Council discusses EMS

Published 12:00 am Wednesday, March 26, 2003

Almost since the beginning of Faith EMS ambulance service beginning operation in Andalusia, the City of Andalusia, and specifically an EMS Committee which reports to the city, has been attempting to formulate a plan for how to distribute calls between Faith and the Andalusia Rescue Squad.

Currently the two agencies are on a rotation system with Covington County E-911.

Tuesday, during the workshop session of the Andalusia City Council, Councilman Mike Jones, a member of the EMS Committee, made a report to the council regarding a bid process which will ultimately determine the rescue service that will be allowed to handle rescue calls. Members of the Faith EMS squad were in attendance at the session.

The calls in question will involve Andalusia Fire and Police Departments.

Jones said he requested that E-911 Director Susan Carpenter pull her calls for a one-year period of time in order to gain a more accurate sense of the calls handled in the city.

He said the data showed that over a period of a year, there were 821 calls, with 702 of those being medical calls, 62 involving wrecks and 57 involving fires.

Jones said the 119 total calls for wrecks and fires translates into approximately 15 percent of the calls in the city.

He noted that of the wreck calls, 46 of the 62 involved transport, with police and fire department officials responding, and with fire calls, only 4 of the 57 involved transport. These totals for both categories only equated, Jones said, to about 6 percent of the total calls.

"That 6 percent is about what we have been guessing (as far as the percentage of calls which would be subject to the city's bid process)," said Jones. "Based on 911, that is what we're talking about. One of the things we were having trouble defining were rescue services, but what we have seen with these numbers, (those calls involving response by fire and police departments) may be (a more accurate) method of (categorizing the calls)."

He said when he began searching for a city who had implemented a similar bid process, he discovered that the City of Ozark had a similar plan.

"We got a copy of (the City of Ozark's bid plan) and (the rough draft of Andalusia's plan) is pretty much a re-draft of Ozark's document," said Jones.

"(Andalusia's draft) is pretty much verbatim with Ozark's," added City Attorney Tom Albritton.

Albritton said he had earlier proposed a series of six-month contracts automatically renewable for a period not to exceed three years because of the nature of the service that is given.

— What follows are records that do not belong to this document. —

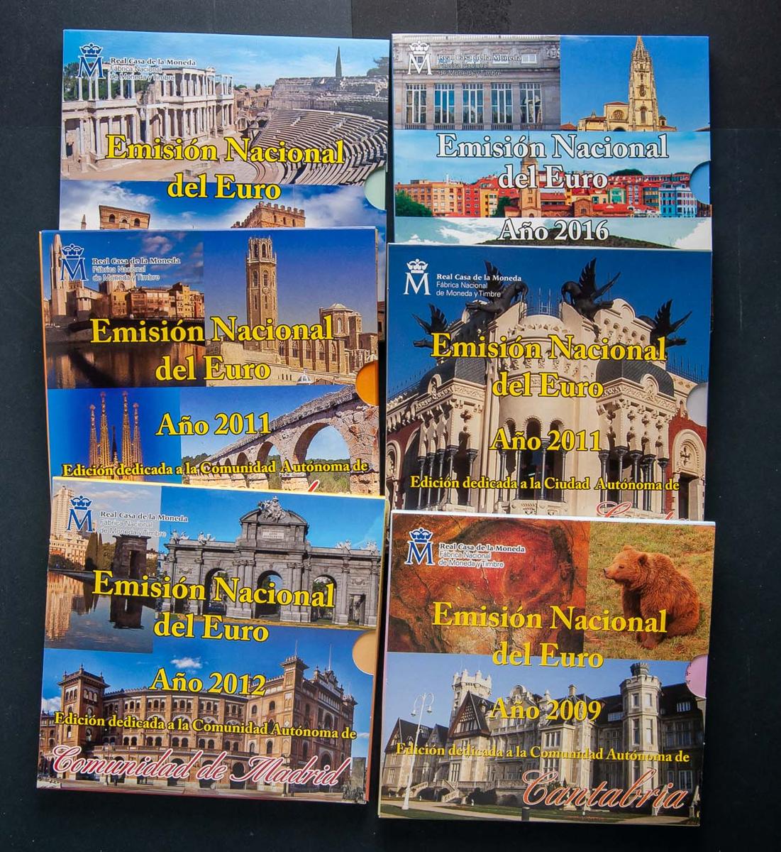 English EUROS. Interesting collection made up of the 19 editions of the National Euro Issue (of all the Autonomous Communities plus Ceuta and Melilla) plus several special commemorative series, including: the 50th anniversary of His Majesty Felipe VI, the IV Centenary of Miguel de Cervantes, the Historic City of Toledo or the XXV Anniversary of the Spanish Constitution among others. All the collection presented in their original boxes and in perfect condition. TO EXAMINE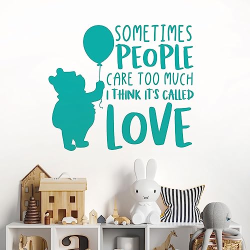 Wandtattoo Sometimes People Care Too Much , Schriftzug Love Winnie the Pooh , Türkis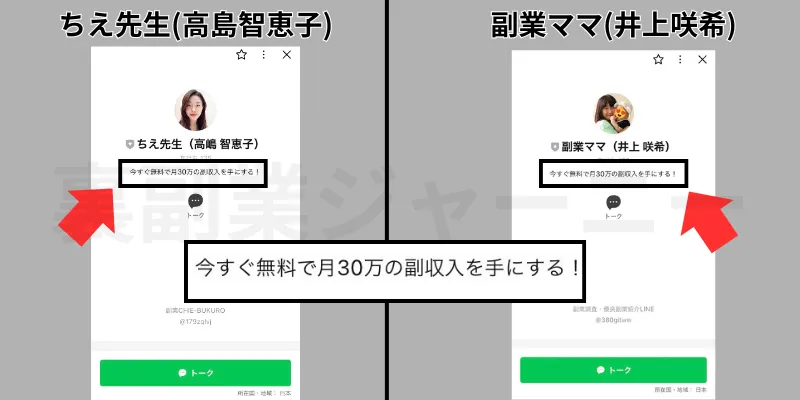 違いを見つける方が難しい間違い探しのような瓜二つのポップアップです。アイコンと色が違う程度でしょうか。余談ですが副業ママ(井上咲希)のポップアップは×を押しても消えないので少々鬱陶しかったです。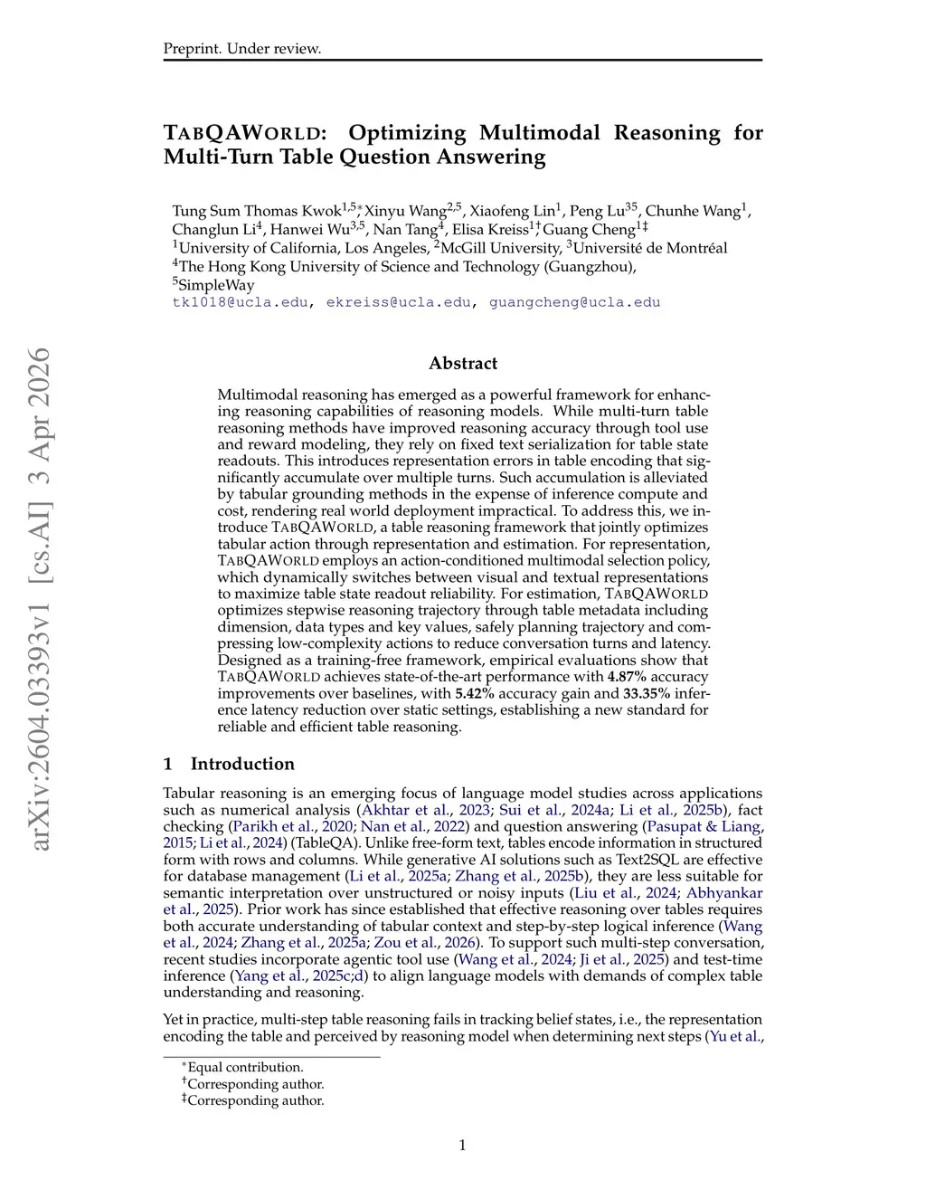 Multimodal reasoning has emerged as a powerful framework for enhancing reasoning capabilities of reasoning models. While multi-turn table reasoning methods have improved reasoning accuracy through tool use and reward modeling, they rely on fixed text serialization for table state readouts. This introduces representation errors in table encoding that significantly accumulate over multiple turns. Such accumulation is alleviated by tabular grounding methods in the expense of inference compute and cost, rendering real world deployment impractical. To address this, we introduce TABQAWORLD, a table reasoning framework that jointly optimizes tabular action through representation and estimation. For representation, TABQAWORLD employs an action-conditioned multimodal selection policy, which dynamically switches between visual and textual representations to maximize table state readout reliability. For estimation, TABQAWORLD optimizes stepwise reasoning trajectory through table metadata including dimension, data types and key values, safely planning trajectory and compressing low-complexity actions to reduce conversation turns and latency. Designed as a training-free framework, empirical evaluations show that TABQAWORLD achieves state-of-the-art performance with 4.87% accuracy improvements over baselines, with 5.42% accuracy gain and 33.35% inference latency reduction over static settings, establishing a new standard for reliable and efficient table reasoning.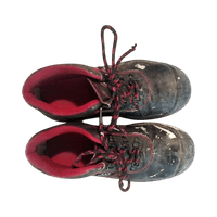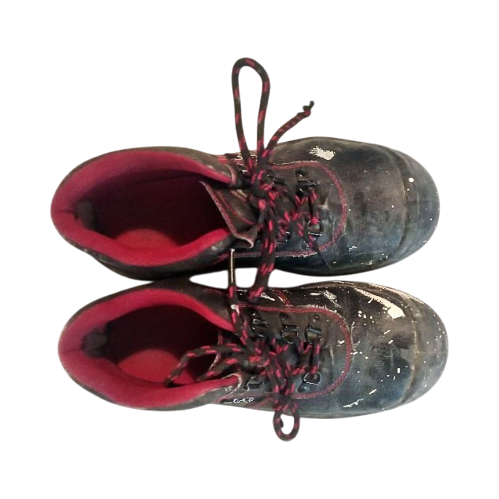 Kuluneet työkengät, maalitahroja, pitävä pohja.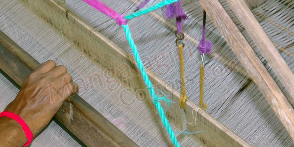 Once we process the warp, we fix this to loom and start weaving process. At this point we also attach zari threads to warp to make zari boarders on Mangalagiri sarees. In general, a weaver can weave a Mangalagiri Saree in 1-2 days. The weaving time may vary based on the saree design.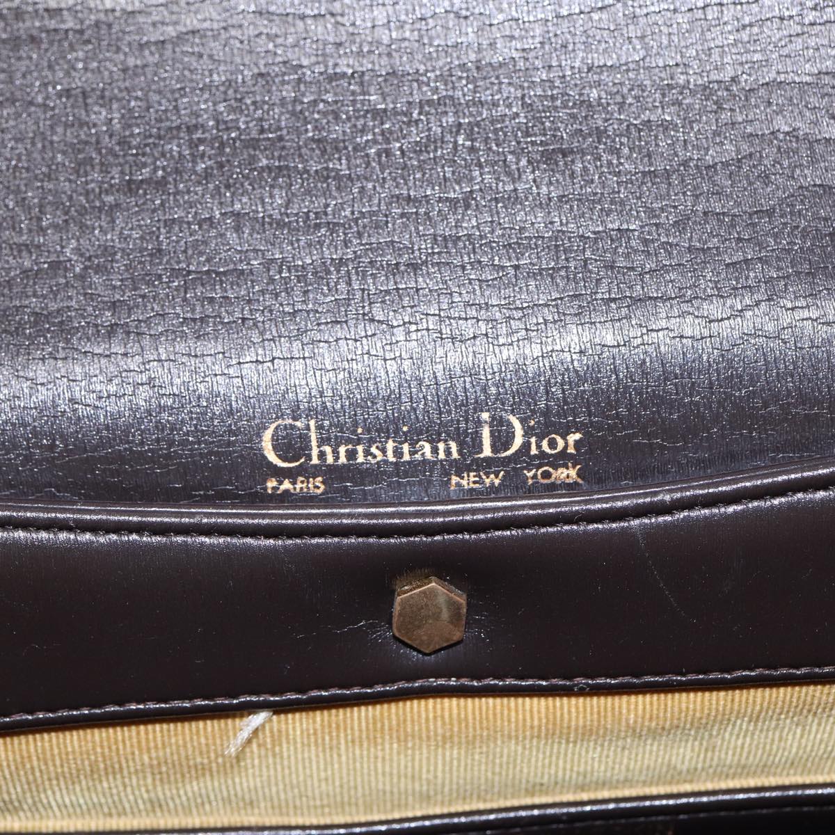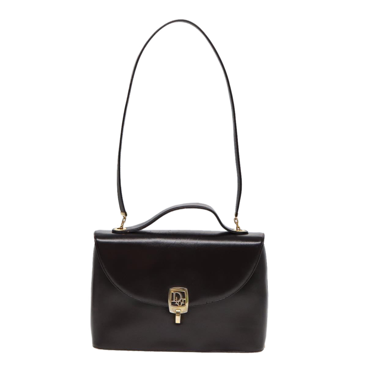 CHRISTIAN DIOR Hand Bag Leather 2way Brown Gold Auth yk14414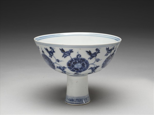 青花團花紋高足碗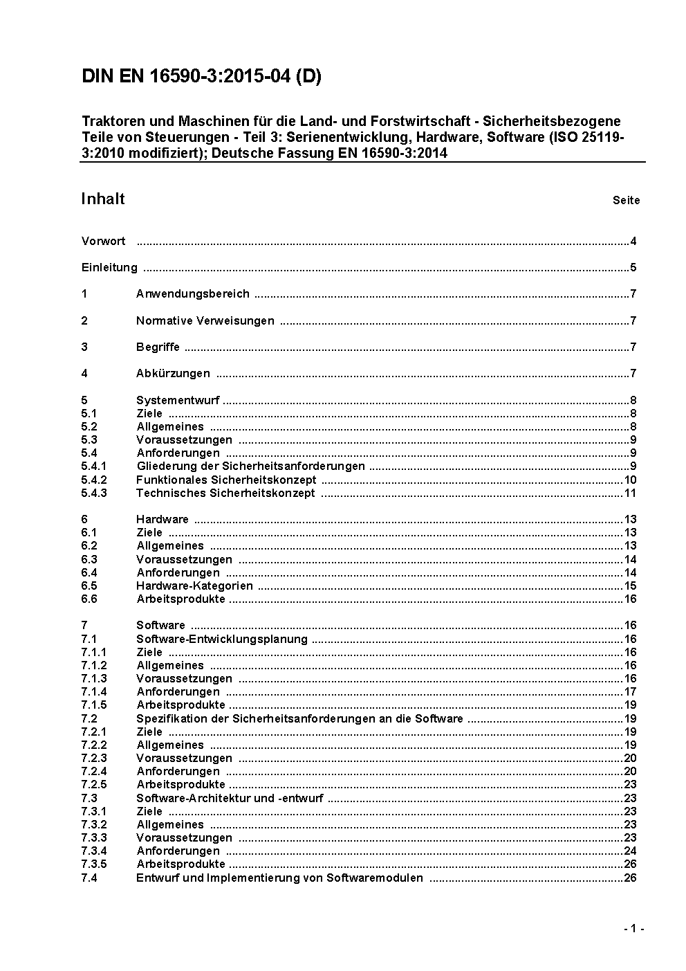 Sicherheit von Land- und Forstmaschinen - Sicherheitsbezogene Teile von Steuerungen - Teil 3: Serienentwicklung, Hardware, Software (ISO 25119-3:2010 modifiziert); Deutsche Fassung FprEN 16590-3:2013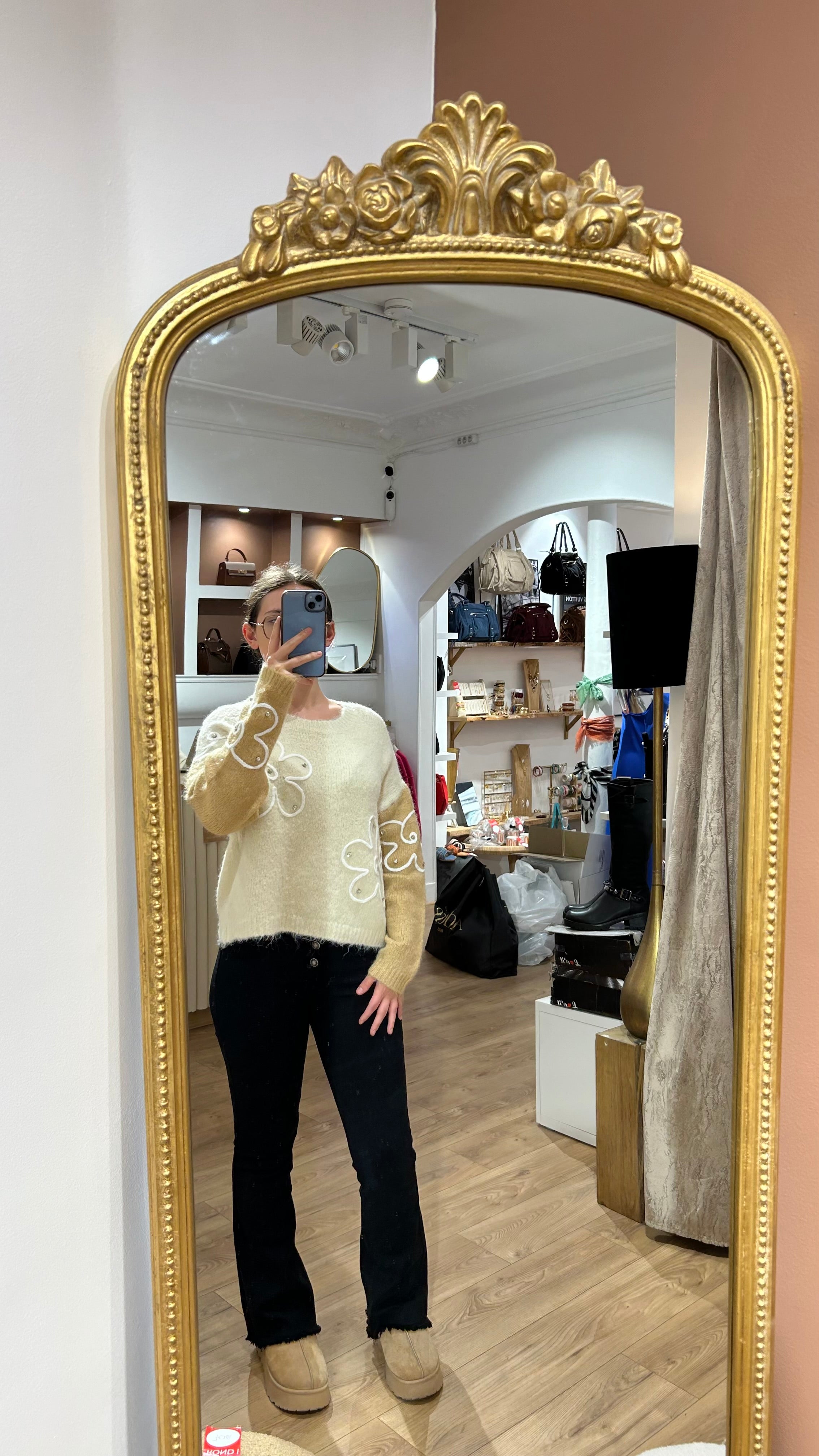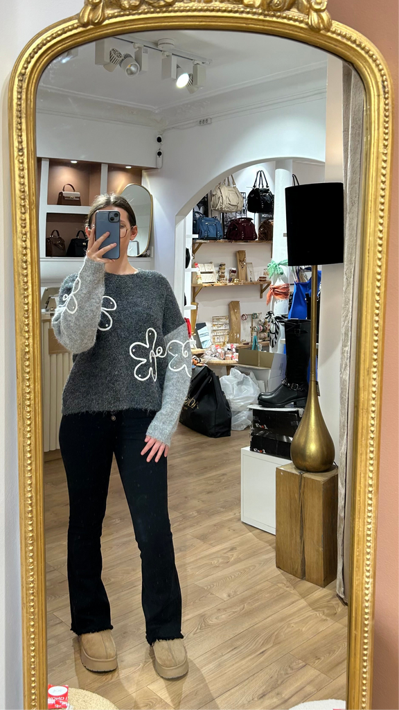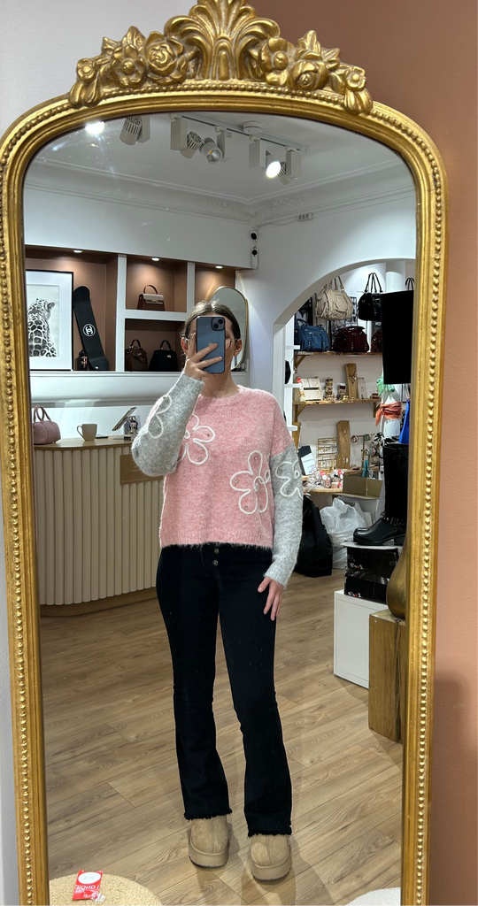 Pull fleuri strass

"If you wanted to have the ability to cut off that contract after six months you could do that," said Albritton. "You wouldn't have to do that, and you can contract for three years if you want to, but one option would be to break it up into smaller bits. I would want a paragraph in (the bid document) which specifically says that the parties acknowledge that the contract retains control over the manner the contractor accomplishes a job and that we don't have the authority to come in and tell them how to do their jobs. If they get sued, I don't want somebody to come back and say (the service under contract) they were our agent or anything other than the fact of them entering into a contract with the city."

Jones emphasized that the city's current draft is still a very rough one at this stage, and basically a draft was composed in order to get more input from the council.

Albritton later suggested that Jones perhaps might gather at least another year's worth of call data, although he said he didn't feel the percentage would change much from the 6 percent, but Jones said he would not mind collecting more data, and Jones said he appreciated Carpenter's efforts in collecting the first data.

When a member of Faith EMS asked why the bid process is necessary when the current rotation process seems to be working well, Jones said crucial services need to be regulated efficiently.

"We want to make sure we protect the citizens as far as rescue services, but as far as transport and private transfer and all those things, I think competition will bear that out and you guys will all be working together," said Jones. "As far as things that deal with fire departments and the police department,

I think they deserve a higher (consideration)."

"What I think the committee is trying to do is to get whoever wants to bid on (the rescue calls) to say we will provide this level of service for this amount of money and whoever can provide the highest level of service is going to get the contract," said Mayor Earl Johnson.

Jones also noted that other emergency services may also want to contract with the city, so the city needs to try and account for the current two-agency situation as well as possibly others offering their service in the future.

City Clerk Pam Steele commented that under the city's proposal, a bidding entity would have three weeks to prepare a bid for the rescue calls.

Faith EMS Owner Doug Tisdale asked if copies of the draft might be available, to which Albritton replied that when his agency receives bid specifications, those specifications would give a clear indication about the contract itself.